*** Opening Extracted entries ***
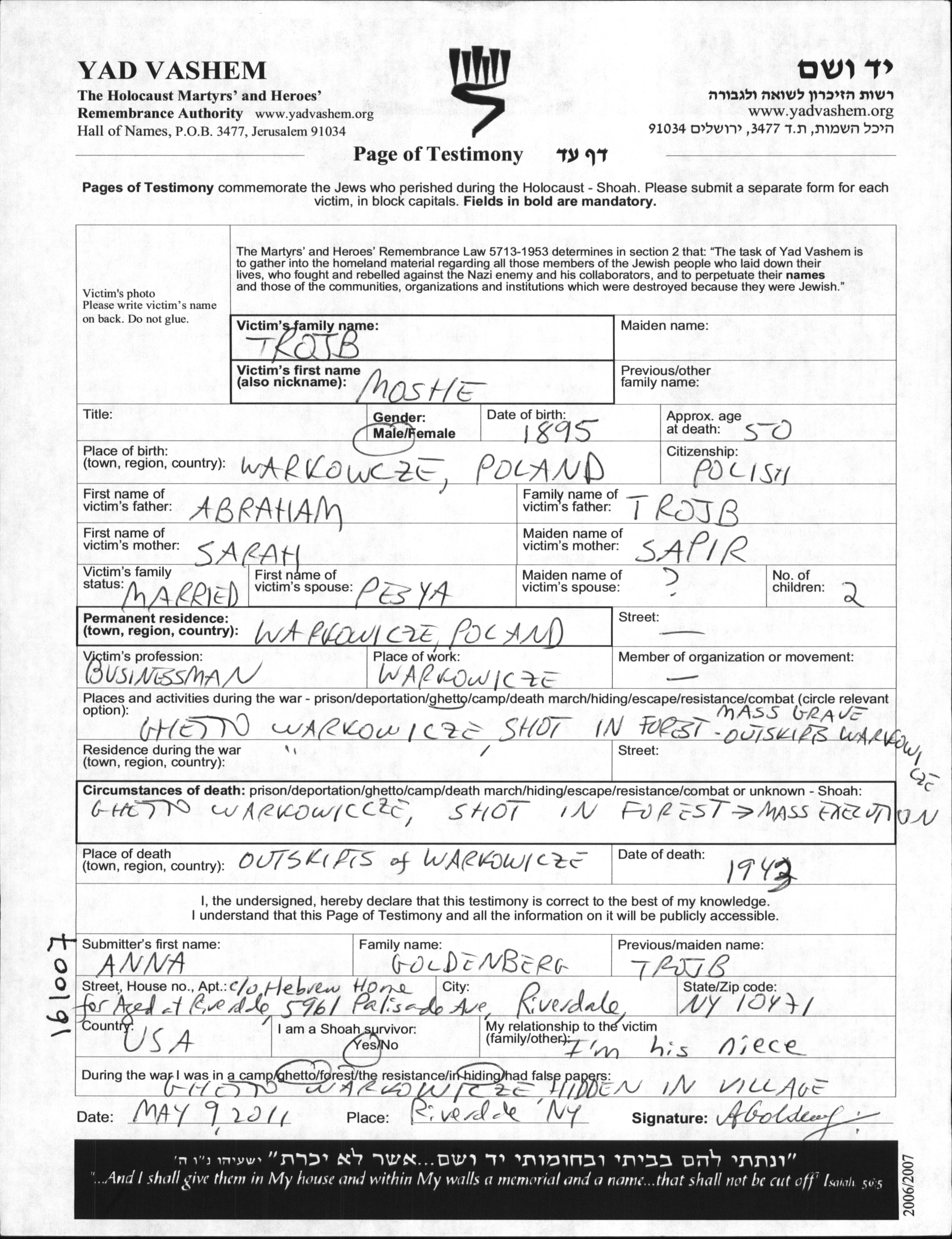 Trojb Moshe 1895 Warkowicze, Polonia Hoja de Testimonio
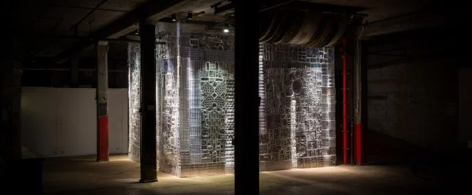 Thousands of plastic packages were sourced from consumers and producers in the artist’s community and woven together into a towering monument to tell the story of the sensitive state of our environment and the divergent possibilities of the human legacy. Drawing inspiration from the architecture and glyphic writing systems of ancient burial memorials, Blister Pact presents a physical narrative of the community’s consumer patterns today.
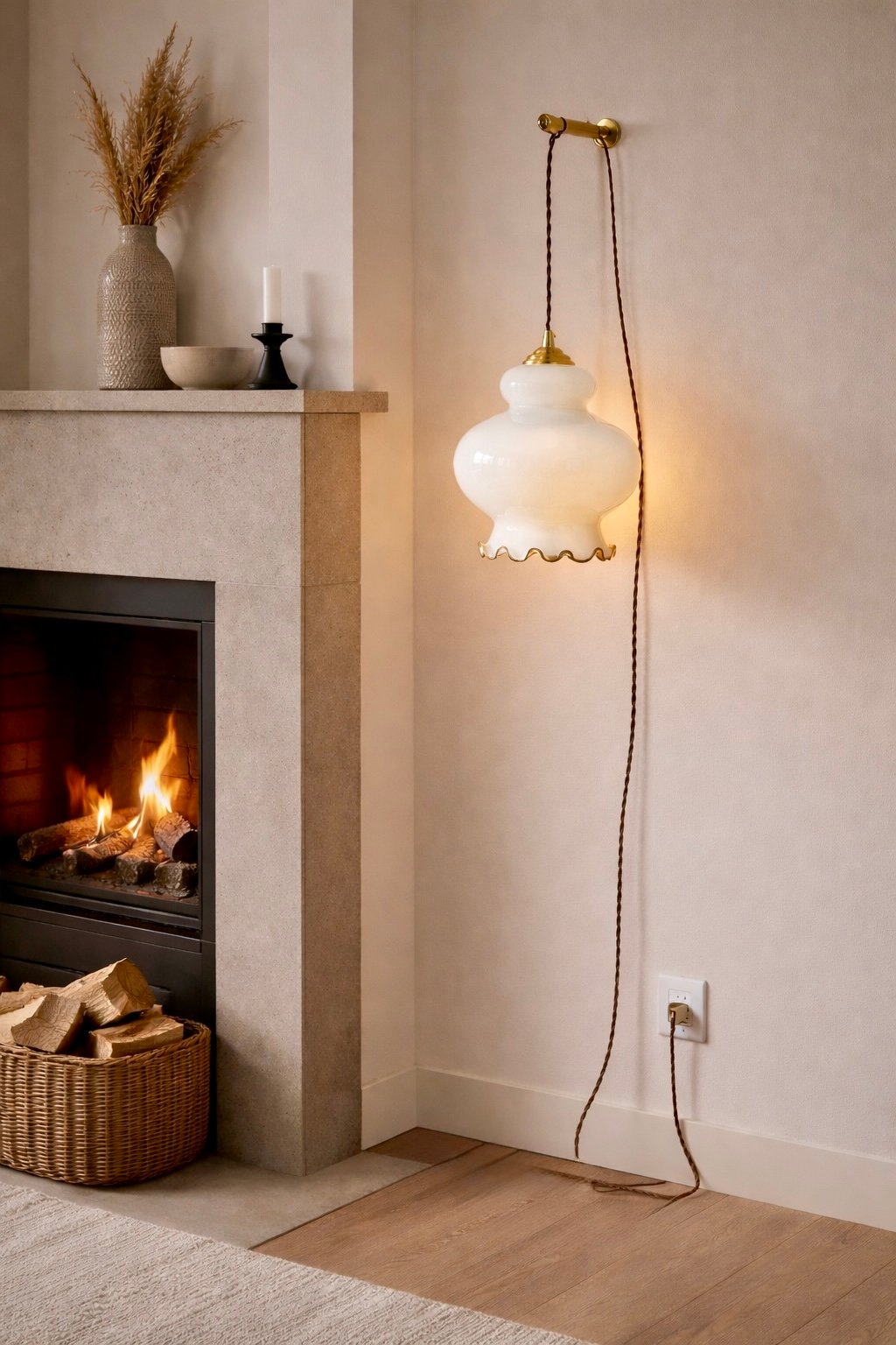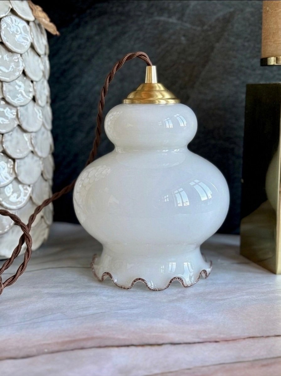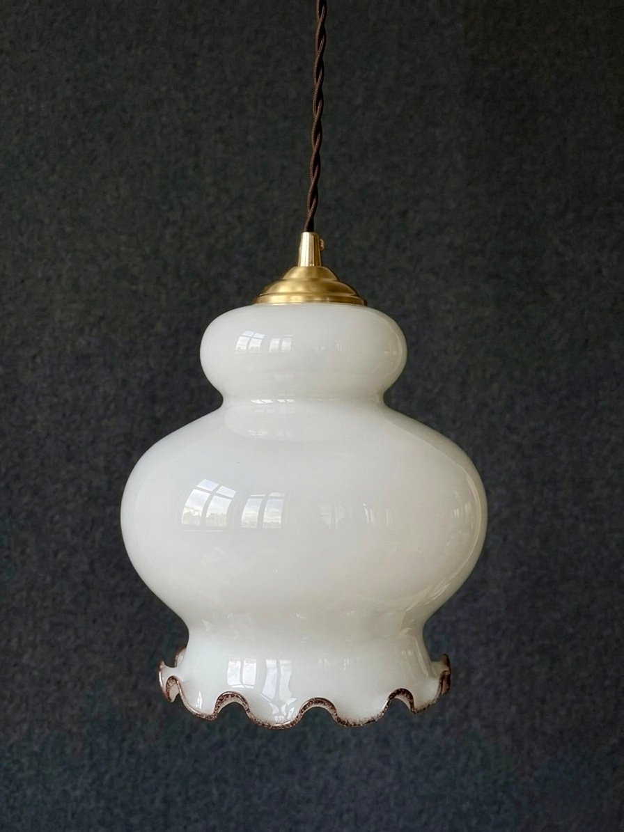 Le blanc profond du globe diffuse une lumière ample et homogène, sans dureté, créant une atmosphère feutrée et chaleureuse. Le bord délicatement ondulé, subtilement ourlé d’un liseré plus sombre, vient signer la pièce avec finesse, comme un dernier geste du verrier.
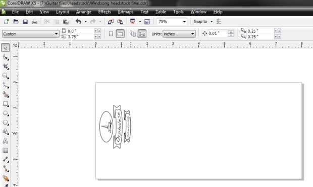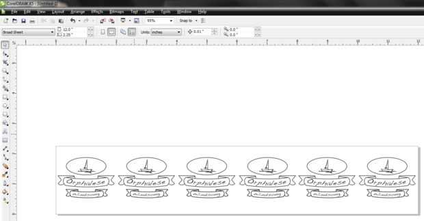Además de mi cabezal de corte, hice una prueba de la tira usando algunos restos de madera. La tira de prueba incluye 6 copias del logo, que me permita probar incrustación de diferentes colores.
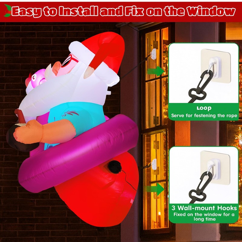 - Built In LED Lights: our blow up Christmas decoration comes with LED lights built inside to light up your window at night, making it easy to attract your family, neighbors, and guests; Install this Christmas holiday inflatable and spread holiday cheer to your neighborhood
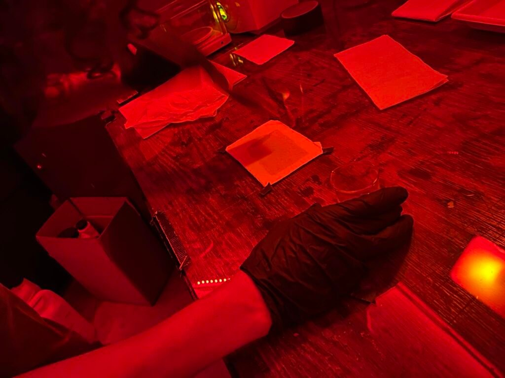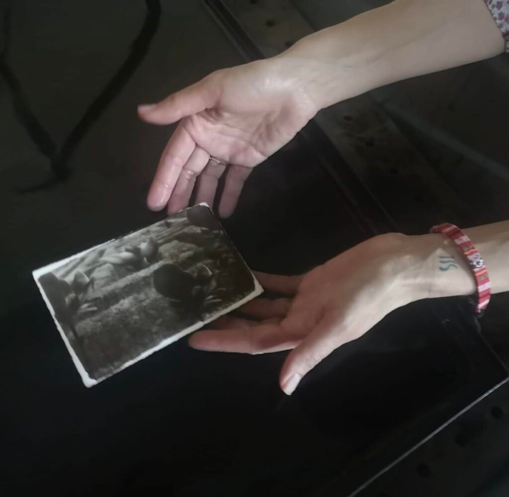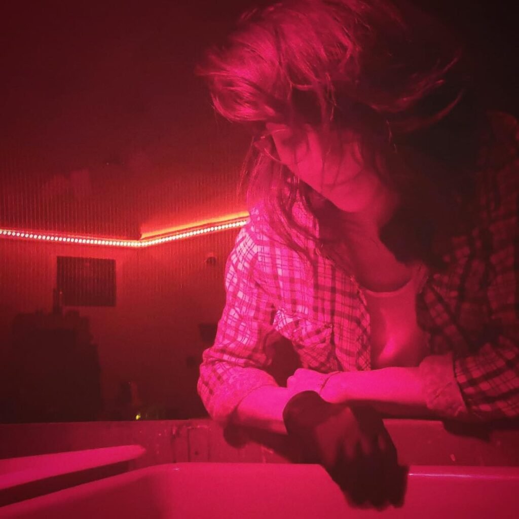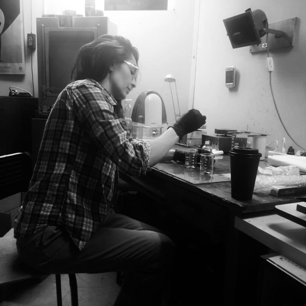 Rozwiń i Zobacz serię zdjęć zrobionych artystce w pracowni podczas wywoływania platynotypii
*** Closing Extracted entries ***
What this task involves:
Using the data above, transcribe exactly the lines between those containing "Thousands of plastic" and "Además de mi", inclusive, and leave every picture behind.

Reply to the exercise:
 Thousands of plastic packages were sourced from consumers and producers in the artist’s community and woven together into a towering monument to tell the story of the sensitive state of our environment and the divergent possibilities of the human legacy. Drawing inspiration from the architecture and glyphic writing systems of ancient burial memorials, Blister Pact presents a physical narrative of the community’s consumer patterns today.
 Le blanc profond du globe diffuse une lumière ample et homogène, sans dureté, créant une atmosphère feutrée et chaleureuse. Le bord délicatement ondulé, subtilement ourlé d’un liseré plus sombre, vient signer la pièce avec finesse, comme un dernier geste du verrier.
Además de mi cabezal de corte, hice una prueba de la tira usando algunos restos de madera. La tira de prueba incluye 6 copias del logo, que me permita probar incrustación de diferentes colores.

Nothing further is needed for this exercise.